-- Required work --
Starting from the line containing "佣金是所抢金额的0.31%,可抢订单金额", give again every line through the end of the entries, word for word. Pictures stay out of the copy.

Saved data entries
== Segment start ==
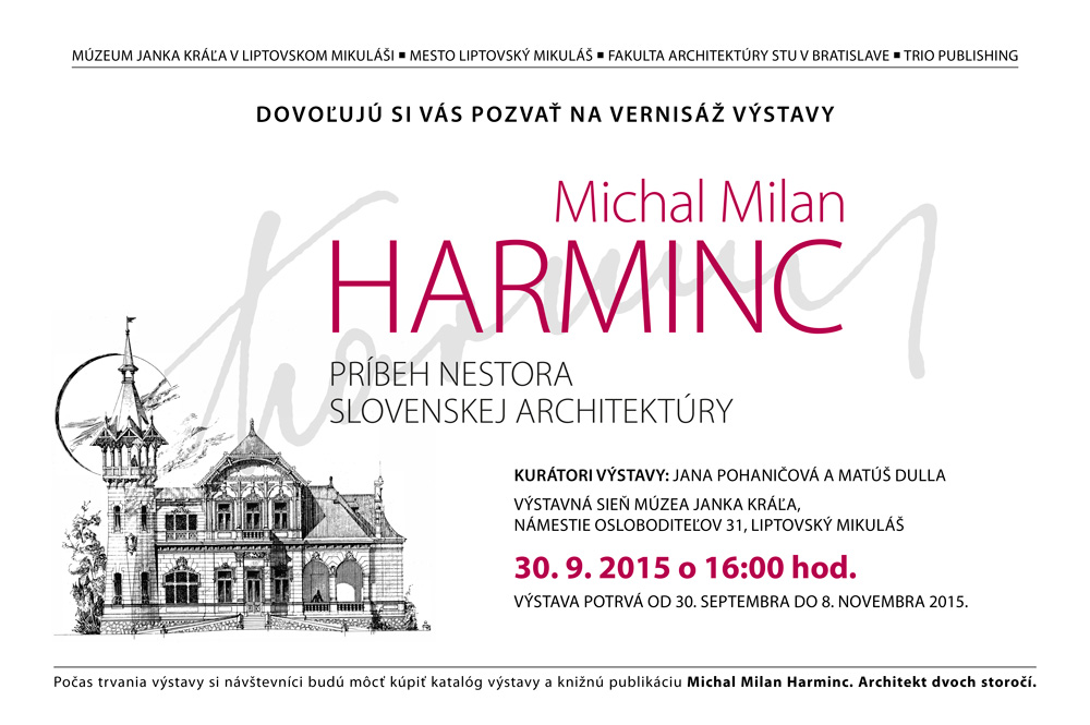 Architekt dvoch storočí či bravúrny eklektik s nesmierne širokou štýlovou a typologickou škálou tvorby – aj takto možno charakterizovať dielo Michala Milana Harminca (1869-1964), jedného z nestorov slovenskej architektúry, v ktorého tvorbe sa snúbi dedičstvo historických slohov a podnety moderny i funkcionalizmu zároveň. Impozantných takmer 300 realizovaných stavieb na území bývalého Rakúsko – Uhorska, neskôr Československa (dnes Slovenská republika) či na pôde nástupníckych štátov – v Maďarsku, v Srbsku, v Rumunsku, no i na Ukrajine ho v rokoch 1887 – 1951 zároveň právom zaradili k najproduktívnejším architektom nielen na Slovensku, ale aj v stredoeurópskom priestore.
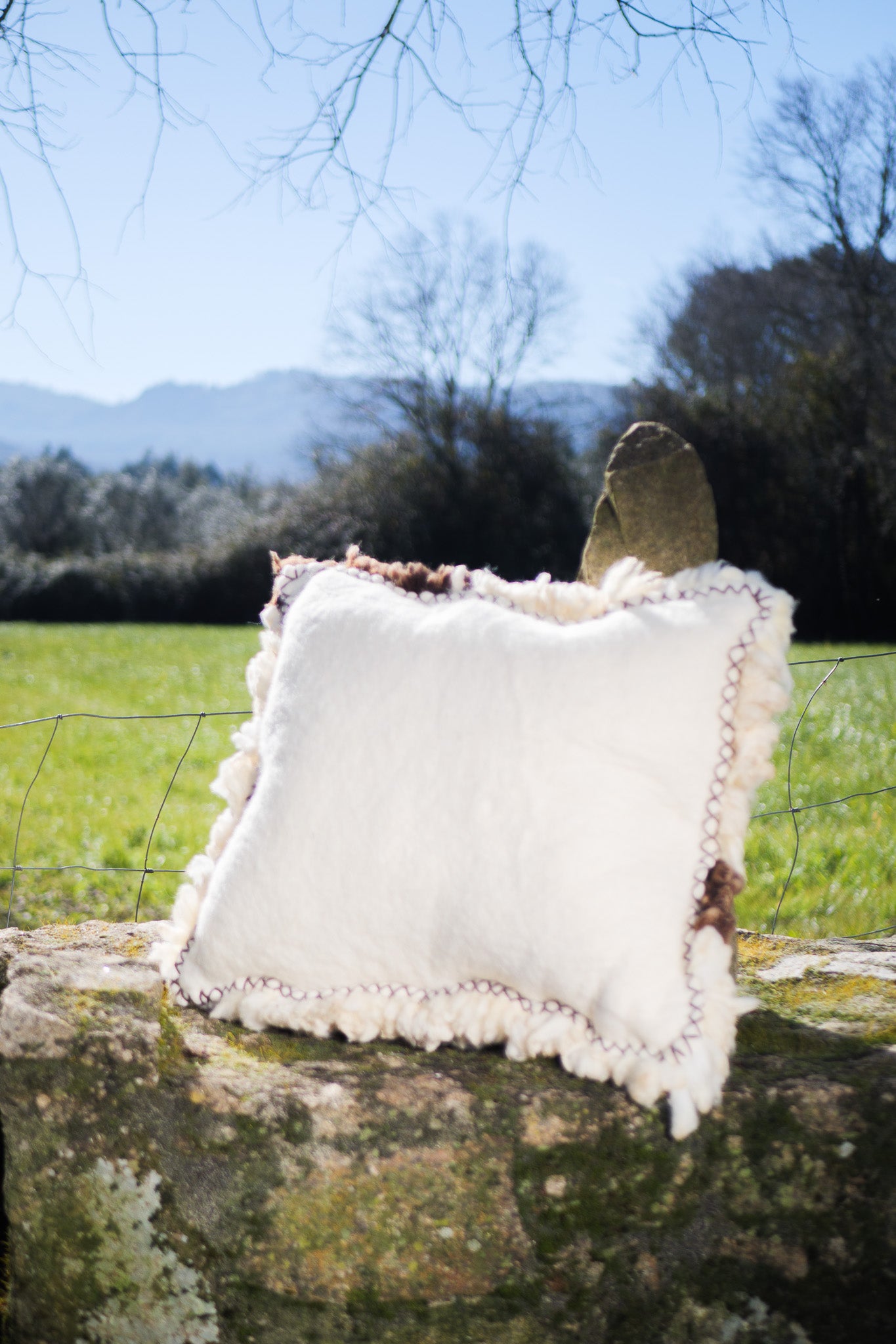 Estas almofadas são 100% feitas à mão. Os fios de lã são provenientes de ovelhas que estão ao ar livre durante todo o ano e, como tal, podem conter matéria vegetal, como paus e sementes, mesmo que removamos o máximo de objetos possível durante a produção.
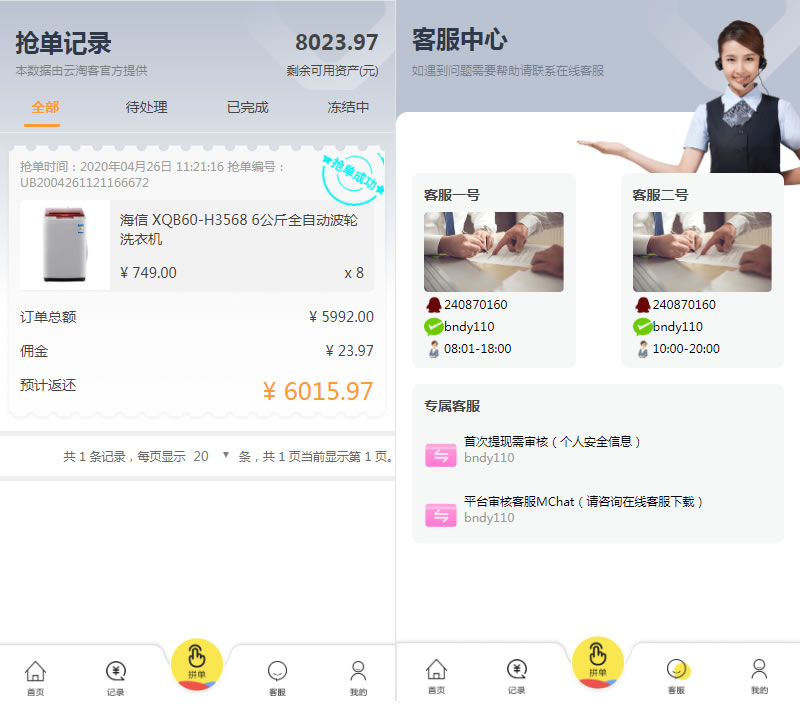 佣金是所抢金额的0.31%,可抢订单金额是余额的10-70%,每天可抢70单,抢单时间为每天8-20点。
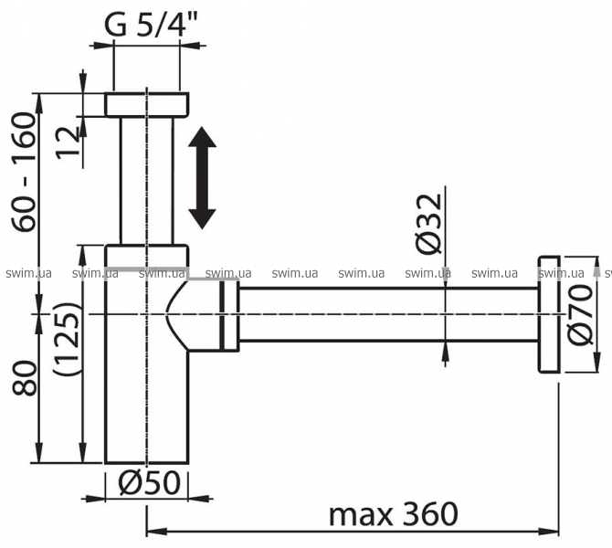 - Хромированный телескопический сифон из латуни для умывальника
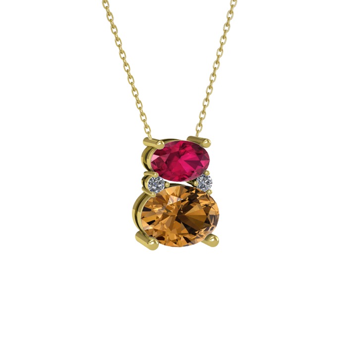 Rodolit garnet, dumanlı kuvars ve pırlanta 925 ayar altın kaplama gümüş kolye (0.036 karat, 40 cm gümüş rolo zincir)
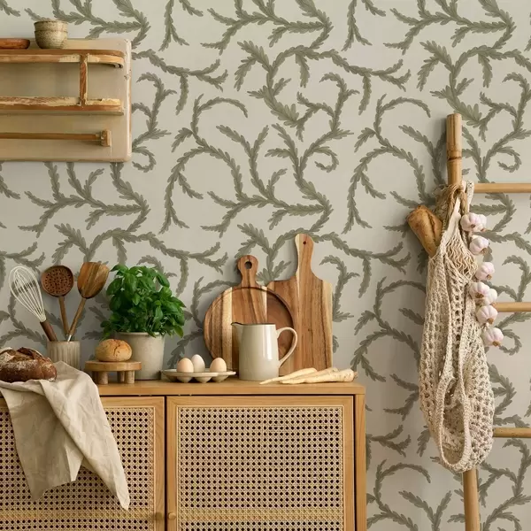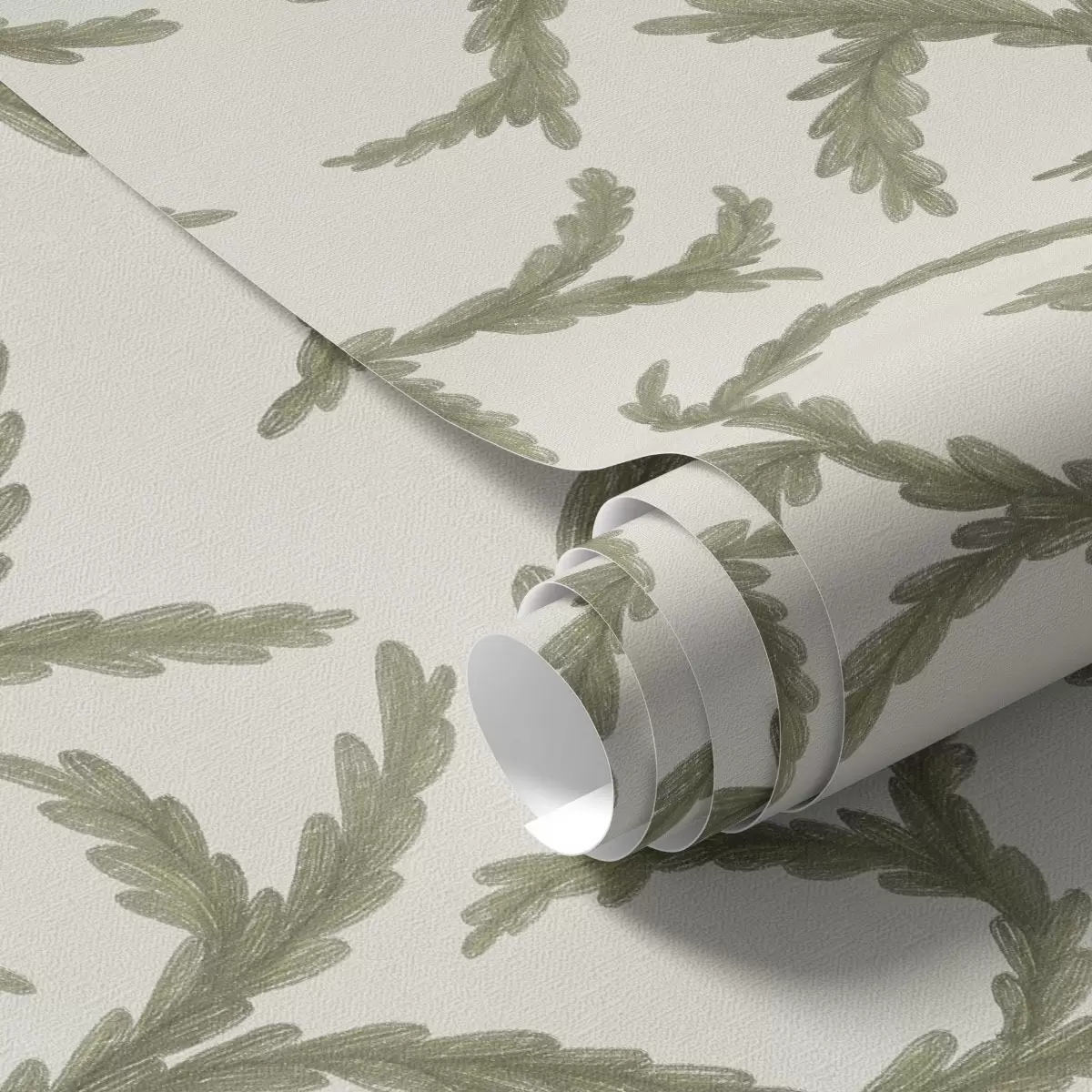 Behang Zachte groene naaldboomkrullen op een lichte achtergrond Nr. a00938
== Segment end ==
-- The completed task --
 佣金是所抢金额的0.31%,可抢订单金额是余额的10-70%,每天可抢70单,抢单时间为每天8-20点。
 - Хромированный телескопический сифон из латуни для умывальника
 Rodolit garnet, dumanlı kuvars ve pırlanta 925 ayar altın kaplama gümüş kolye (0.036 karat, 40 cm gümüş rolo zincir)
 Behang Zachte groene naaldboomkrullen op een lichte achtergrond Nr. a00938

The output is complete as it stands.